The market-implied 1-standard-deviation range for SCHE extends from approximately $33.39 on the downside to $37.55 on the upside. A SCHE long straddle is a pure-volatility play: it profits when the underlying moves far enough from the strike in either direction to overcome the combined call plus put debit, regardless of direction. Current SCHE IV rank near 15.00% sits in the lower third of its 1-year distribution, where IV often re-expands toward the mean; this favors premium-buying structures and disadvantages premium-selling structures on SCHE at 20.50%. As a Financial Services name, SCHE options can move on sector-level news flow (peer earnings, regulatory updates, industry-specific macro data) in addition to SCHE-specific events.

SCHE straddle positions are structurally neutral / high-volatility (long premium); the modeled P&L assumes European-style exercise at expiration and ignores early assignment, transaction costs, dividends paid before expiry on the stock leg (when present), and the bid-ask spread on the listed chain. SCHE positions also carry Financial Services sector concentration risk; news flow inside the sector (peer earnings, regulatory shifts, supply-chain headlines) can move SCHE alongside the broader basket even when SCHE-specific fundamentals are unchanged. Always rebuild the position from current SCHE chain quotes before placing a trade.

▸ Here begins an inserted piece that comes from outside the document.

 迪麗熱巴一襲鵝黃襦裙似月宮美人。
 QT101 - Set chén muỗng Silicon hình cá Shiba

Frequently asked questions

What is a straddle on SCHE?
A straddle on SCHE is the straddle strategy applied to SCHE (etf). The strategy is structurally neutral / high-volatility (long premium): A long straddle buys an ATM call and an ATM put at the same strike, profiting from a large move in either direction; max loss equals the combined debit when the underlying pins to the strike at expiration. With SCHE etf trading near $35.47, the strikes shown on this page are snapped to the nearest listed SCHE chain strike and the premiums come straight from the end-of-day bid/ask midpoint.
How are SCHE straddle max profit and max loss calculated?

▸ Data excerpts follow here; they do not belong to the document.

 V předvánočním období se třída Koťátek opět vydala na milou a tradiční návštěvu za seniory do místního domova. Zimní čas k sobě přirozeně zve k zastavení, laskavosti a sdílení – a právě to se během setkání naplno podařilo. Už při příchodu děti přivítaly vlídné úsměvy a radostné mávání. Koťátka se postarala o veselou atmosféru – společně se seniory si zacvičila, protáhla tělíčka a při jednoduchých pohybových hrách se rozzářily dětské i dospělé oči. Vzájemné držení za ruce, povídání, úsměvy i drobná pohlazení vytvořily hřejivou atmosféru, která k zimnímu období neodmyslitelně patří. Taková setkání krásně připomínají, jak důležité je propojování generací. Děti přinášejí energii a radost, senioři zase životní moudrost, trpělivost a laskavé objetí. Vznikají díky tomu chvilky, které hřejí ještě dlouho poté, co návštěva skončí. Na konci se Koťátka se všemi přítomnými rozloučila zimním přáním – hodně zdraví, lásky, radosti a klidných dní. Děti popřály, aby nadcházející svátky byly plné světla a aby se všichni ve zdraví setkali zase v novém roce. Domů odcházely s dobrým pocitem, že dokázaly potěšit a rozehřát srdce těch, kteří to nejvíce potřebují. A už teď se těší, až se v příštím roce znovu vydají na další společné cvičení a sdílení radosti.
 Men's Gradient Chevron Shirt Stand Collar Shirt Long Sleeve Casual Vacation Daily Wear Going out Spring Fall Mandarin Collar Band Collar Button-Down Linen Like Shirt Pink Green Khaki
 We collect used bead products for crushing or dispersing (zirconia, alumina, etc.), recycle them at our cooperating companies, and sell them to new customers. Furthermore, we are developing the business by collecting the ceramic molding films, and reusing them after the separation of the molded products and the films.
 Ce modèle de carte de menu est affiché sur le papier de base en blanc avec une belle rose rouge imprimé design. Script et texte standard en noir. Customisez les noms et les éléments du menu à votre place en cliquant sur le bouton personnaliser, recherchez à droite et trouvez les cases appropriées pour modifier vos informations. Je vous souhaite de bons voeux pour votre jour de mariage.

Upside max profit is unbounded; downside max profit is bounded at the strike minus the combined call plus put debit (reached at zero). Max loss equals the combined debit times 100 (reached when the underlying pins to the strike). Two breakevens at strike plus debit and strike minus debit. For the SCHE straddle priced from the end-of-day chain at a 30-day expiry (ATM IV 20.50%), the computed maximum profit is unbounded per contract and the computed maximum loss is unbounded per contract. Live intraday quotes will differ as the chain moves through the trading session.
What is the breakeven for a SCHE straddle?
The breakeven for the SCHE straddle priced on this page is no defined breakeven on the modeled curve at expiration, derived from end-of-day chain premiums. Breakeven is the underlying price at which the strategy's P&L crosses zero ignoring transaction costs and assignment risk. The current SCHE market-implied 1-standard-deviation expected move is approximately 5.88%; if the move sits well outside the breakeven distance, the structure's risk-reward becomes correspondingly tighter.
When should you consider a straddle on SCHE?
Straddles on SCHE are pure-volatility plays that profit from large moves in either direction; traders typically buy SCHE straddles ahead of earnings, FDA decisions, or other catalysts where the realized move is expected to exceed the implied move priced into the chain.
How does current SCHE implied volatility affect this straddle?
SCHE ATM IV is at 20.50% with IV rank near 15.00%, which is on the low end of its 1-year range. Premium-buying structures (long call, long put, debit spreads) are relatively cheap in this regime; premium-selling structures collect less credit per unit risk.